Algorithms are powerful tools that can only be as clever as we humans have trained them to be. They are now used in a wide variety of areas: As an application program, propaganda machine or also as insurance software. Algorithms learn from data that researchers make available to them. In this way, however, they also take on their prejudices. Why this is so dangerous and how one can counteract it – a comment on the programmed discrimination.
A well-intentioned approach
The now most recent case of a misguided algorithm comes from US hospitals and their caring health insurers. In order to reduce costs, more and more of these health care institutions are investing in the prevention of patients. One approach for a categorization system is an algorithm that classifies patients according to the level of care they require. First of all a laudable thought: the whole thing saves time and money.
For classification purposes, these algorithms evaluate data from patient files: Diagnoses, treatments, medications. The results are then used to calculate a risk value that predicts how a person’s state of health will develop within the next year. Based on this result, the patient is offered better prevention and health care. So if the algorithm calculates that diabetes, hypertension and chronic kidney disease result in a fatal combination, precautions must be taken. As a precautionary measure, the physician could put the patient on an intensive programme to lower blood sugar levels. Problem solved, algorithms save lives!

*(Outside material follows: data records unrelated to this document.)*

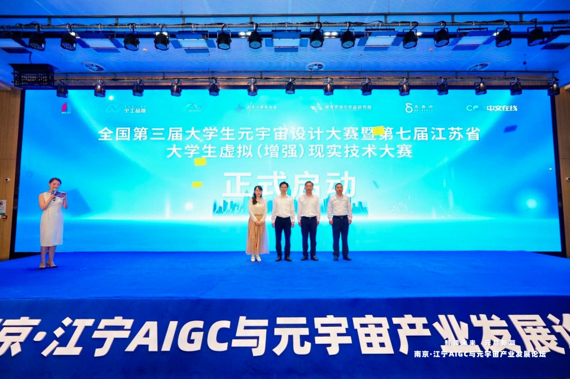 6月25日,南京市江宁区举办南京·江宁 AIGC与元宇宙产业发展论坛暨元宇宙供需对接大会。我校副校长叶智锐代表学校出席,为全国第二届大学生元宇宙设计大赛暨第六届江苏省大学生虚拟(增强)现实技术大赛获奖选手颁奖,并与嘉宾共同启动新一届大赛。
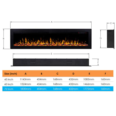 Sonata 1500W 72 inch Built-in Recessed Electric Fireplace
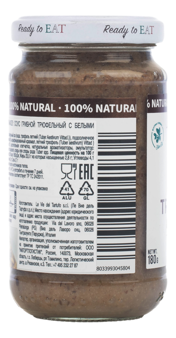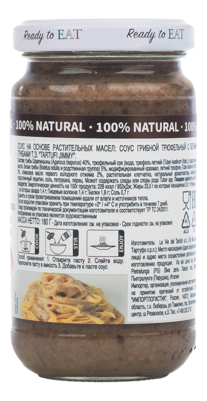 | Состав | грибы Шампиньоны 40%, трюфельный сок(вода трюфель летний), подсолнечное масло, белые грибы 5%, модифицированный крахмал, летний трюфель (Tuber aestivum) 3%, оливковое масло первого холодного отжима 2%, растительная клечатка, натуральные ароматизаторы, эмульгатор: подсолнечный лецитин, соль, петрушка, перец |
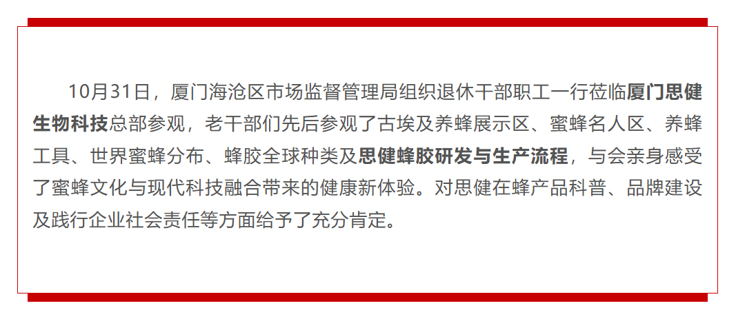 思健科技動(dòng)態(tài) | 海滄市場(chǎng)監(jiān)督管理局退休干部職工參觀思健蜂主題科技館及蜂膠生產(chǎn)車(chē)間
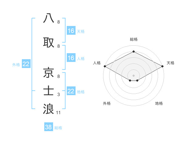 八取 京士浪さんの天格は16画の5点!
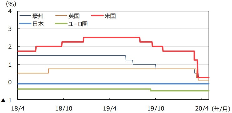 豪州は、新型コロナの感染抑制のための経済封鎖によって4-6⽉期の経済活動が⼤幅に減速すると⾒込まれますが、政府の財政⽀援策や豪州準備銀⾏(RBA)による追加的⾦融政策実施により、感染拡⼤に起因する経済や⾦融の混乱緩和が期待されます。
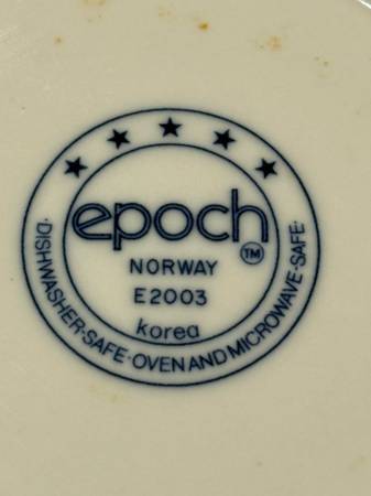 12 coffee cups and 12 saucers, a creamer amd sugar bowl. This is the Norway pattern. Epoch China Excellent condition.
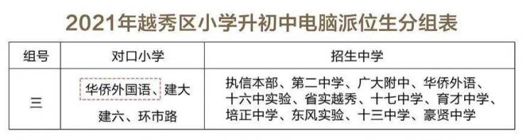 并且,2021年越秀区小升初电脑派位分组中,汇聚3间市属省级重点中学( 执信中学、广州二中、广大附中)、 3间区属省一级中学( 培正中学、 十七中、省实越秀中学),共12间重点优质公办学校,是越秀区小升初派位组别中的至优配置!
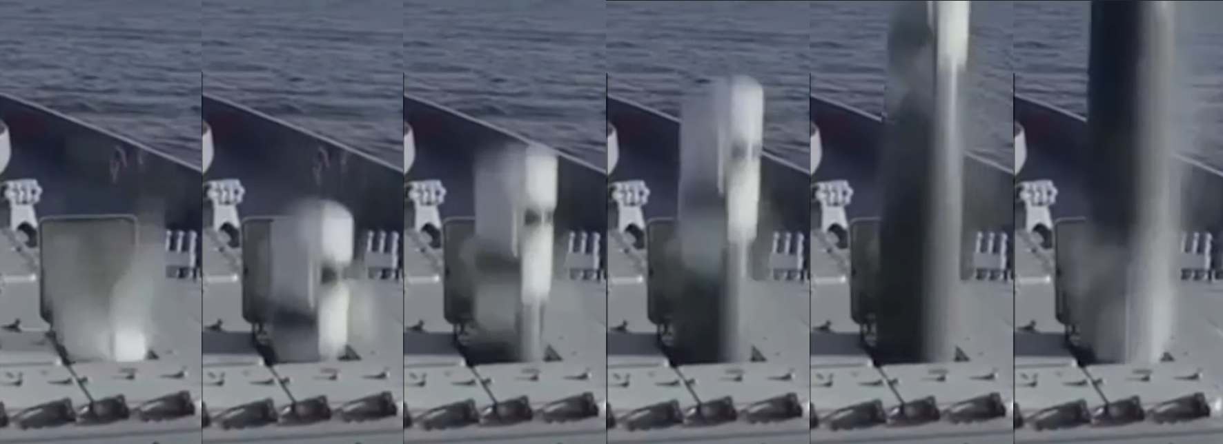Už jsem na to přišel, kde je sání vzduchu do scramjetu a jakou to má konstrukci na Zirkonu.. dejte mi půl hodiny, zatím jen přihodím fotku zas protaženou filtrem na doostření pohybového směrového rozmazání, všimněte si, že ten bílý materiál je i někde jinde než jen na "špici" (i když na té odvrácené straně je ho teda mrtě) a důvod proč tam je souvisí s tím, co tu píšu, že jde o nějaký ablativní materiál a aerodynamické zaslepení sacího ústrojí scramjet komory a lamače rázové vlny (a dalšího zařízení tam, kde je ho opravdu hodně) dokud je střela urychlovaná jen pomocí raketového motoru na TPH na minimální rychlost M4 (což se uvádí jako minimální rychlost pro zážeh scramjet motoru) a jelikož je to prudké zrychlení v řádu desítek G, tak aerodynamický ohřev není pozvolný, ale defakto raketový v této fázi letu a tomu brání tím bílým materiálem, který se pravděpodobně začne rychle odpařovat až v řídkých vrstvách atmosféry a velkých výškách (+10km minimálně) po dosažení letové rychlosti střely M4-5-6 za pomoci raketového motoru.
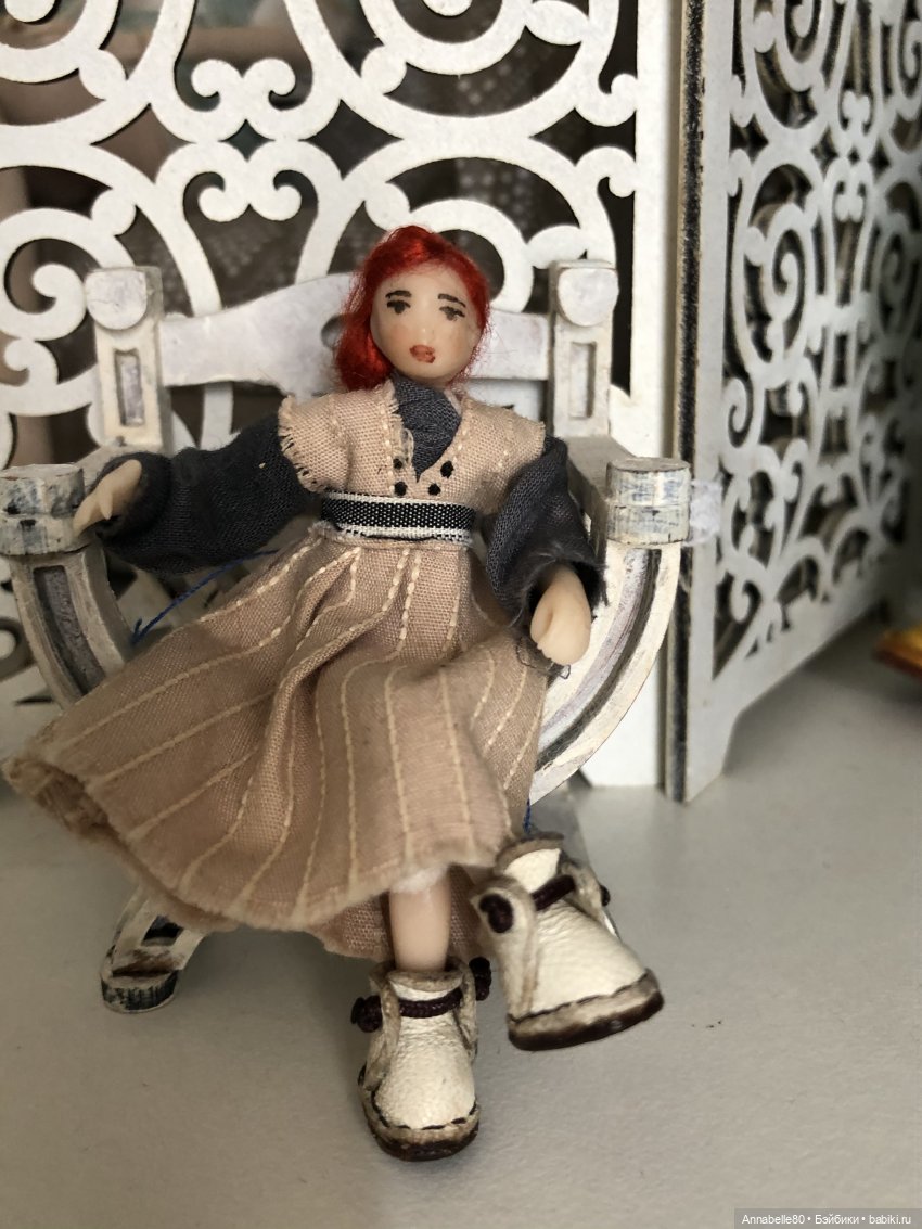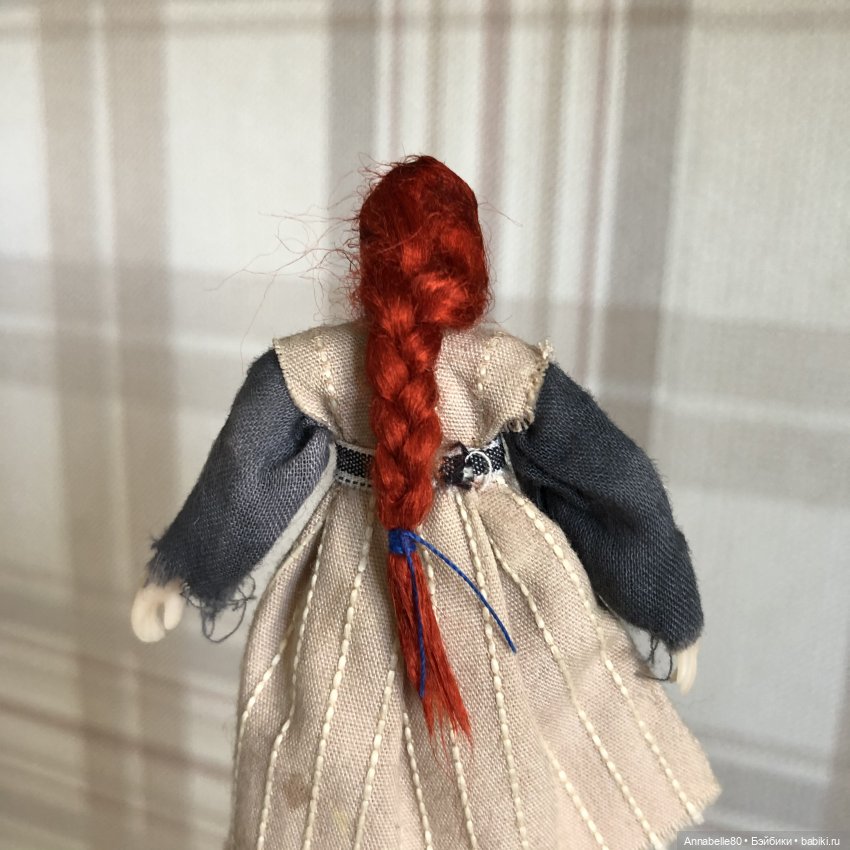 Белкину куклу зовут Катрин, она каркасная, в смешанной технике, рост — 8 см, ручки и ножки сгибаются. У неё есть своё креслице:

Not quite, I’m afraid. In a new study, Ziad Obermeyer, a health policy researcher at the University of California, and his colleagues investigated the effectiveness of such a risk prediction program in a large research hospital. They wanted to find out how well the predictions of the algorithm match reality. The team soon noticed that the program assigned a “strangely low” risk value to many dark-skinned patients despite their deteriorating health.